Man of Constant SorrowYou probably know the song “Man of Constant Sorrow” from the excellent version of it (which I will get to) in the film O Brother, Where Art Thou? But it is a very old song, dating back to 1913 when Dick Burnett published it. And even that version may just be his version of an earlier version.

Unfortunately, we don’t have any version of the song until 1928 when Emry Arthur recorded it. This version could hardly be more simple and earnest. Arthur sings it with a plaintive tone but there is little of the lyrics in his voice. The accompaniment seems to be a guitar and banjo. The banjo is kind of playful and it pushes a kind of meta-narrative that this is just a song and no one involved has had any worse a life than everyone else in Kentucky. But the version has a sweetness that I love. Unfortunately, the Great Depression was not kind of Arthur’s music career, which was completely over as of 1935. It would have been interesting to hear how he did the song at that point.
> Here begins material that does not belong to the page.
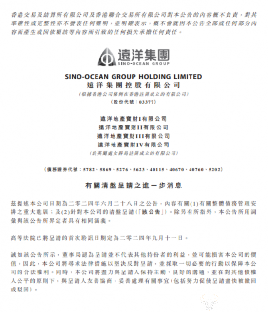 在6月27日,债权人小组已经提交了针对远洋集团的清盘呈请。
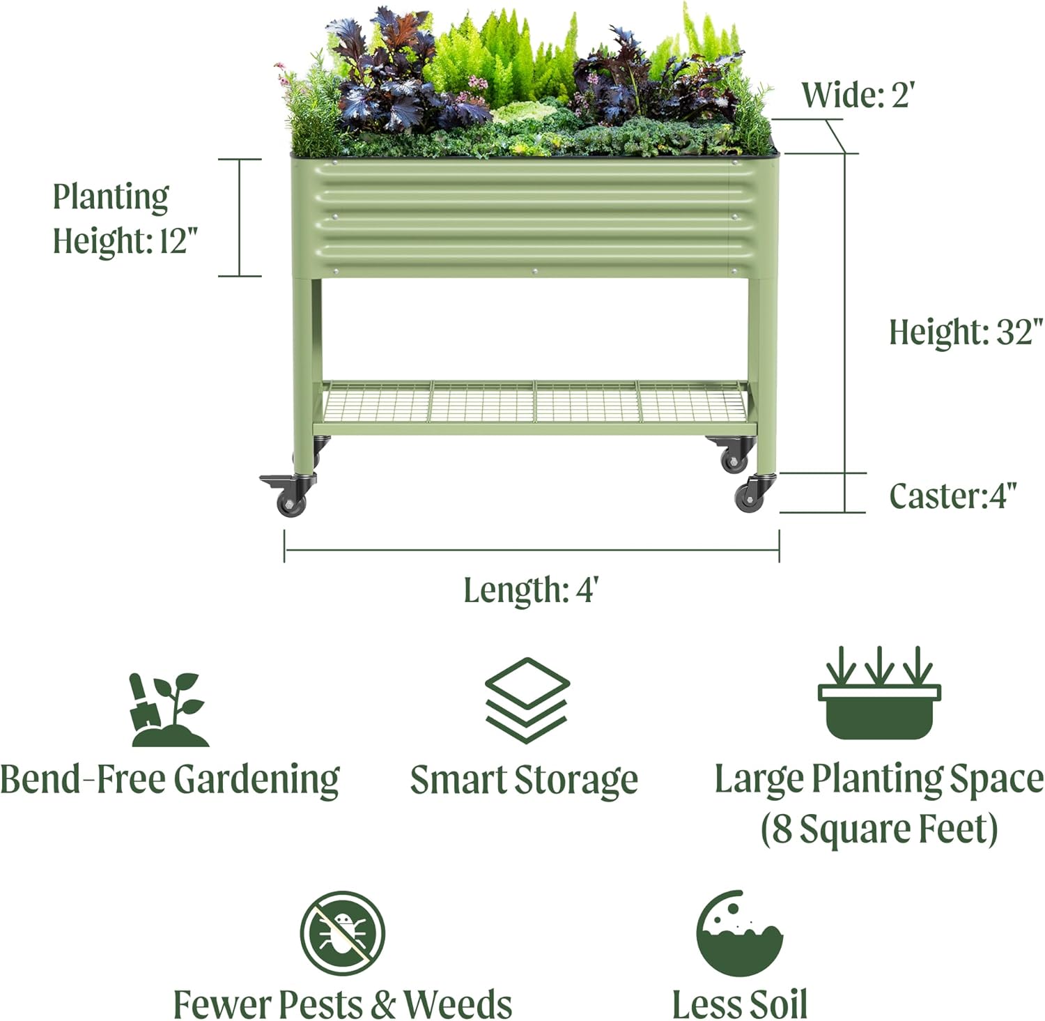 Rolling Elevated Raised Garden Bed-V Series, 2' x 4' Garden Beds with Legs & Storage Rack for Patio & Porch, 700 Lbs Weight Capacity, Outdoor Planter Box for Vegetables Flower Herbs, Modern Gray

Right about the time that Arthur was giving up music, Sarah Ogan Gunning recorded the song with her own lyrics as “Girl of Constant Sorrow.” The lyrics focus on the poverty of the coal mining region that she is from. This a cappella version is probably from 1965, but it is doubtless much how she sang in in 1936. (Roscoe Holcomb did a similar version in 1961.) It’s haunting and beautiful:

Although Arthur’s version of the song sold well, it was not until The Stanley Brothers released their version in 1951 that it really became popular. Their version changes the song into much more of what we know today. Specifically, they turn it into a bluegrass song with that classic howling voice. It also adds a much more lively accompaniment with that relentless fiddle. Ralph Stanley just had his 87th birthday. His brother Carter died back in 1966 at the age of only 41.
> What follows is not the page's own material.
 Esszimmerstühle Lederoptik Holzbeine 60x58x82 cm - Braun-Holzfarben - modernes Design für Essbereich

During the folk revival of the early 1960s, many people did the song. Both Joan Baez (pretty good) and Judy Collins (meh) did versions of Gunning’s. Peter, Paul and Mary turned it into a dirge. Waylon Jennings managed to turn it into an easy listening monstrosity, which is good in its way. And Rod Stewart did his thing to it in 1969, before “his thing” became harming otherwise good music. But the most interesting, because he really does mold the song to himself, is Bob Dylan:

At this point it seemed that anyone you think might have been tempted to cover it has. Of course, you knew that after Judy Collins did it everyone would have to. What I think is strange is that it really wasn’t picked up by punk bands. The truth is that musically, punk and folk aren’t that far apart. In 2006, punk super-group Osaka Popstar covered it, but it is clearly based upon the film version.
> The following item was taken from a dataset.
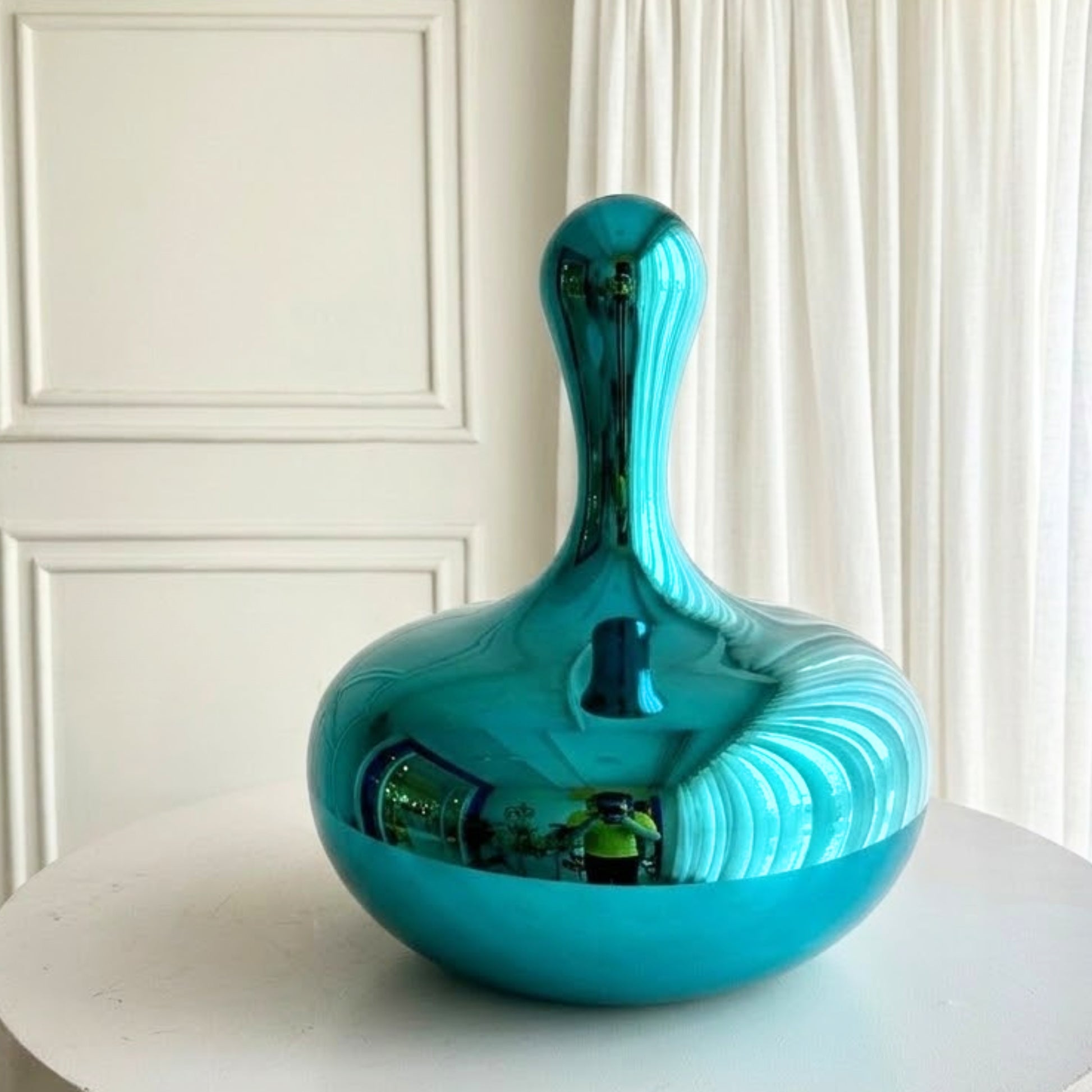 For those who are drawn to quiet fluidity in form — we present Aqua. More than a sculptural accent, it captures the softness of movement held in stillness. With its rounded silhouette and reflective teal finish, Aqua mirrors its surroundings while maintaining a calm, composed presence of its own.

Which brings us to the version in O Brother, Where Art Thou? It was recorded by Dan Tyminski, Harley Allen, and Pat Enright, with Tyminski on lead vocals. But here Tyminski is with Alison Krauss and Union Station doing the song live:

In a sense, I think this version kind of destroys the song in the same way that Jean-François Paillard’s version destroyed Pachelbel’s Canon. It is so powerful that everyone will agree that it is the way that the song ought to be performed and people will stop trying to innovate. Of course, there will always be the iconoclasts who insist that Emry Arthur or Sarah Ogan Gunning had it right all along and the song will be plopped on the end of a disc. But to really please an audience, it’s going to have to have that three-part harmony and the prominent banjo. It will be just like that damned pizzicato counterpoint in “Pachelbel’s Canon.”

Which is fine. Really. You all enjoy yourselves. Don’t worry about me.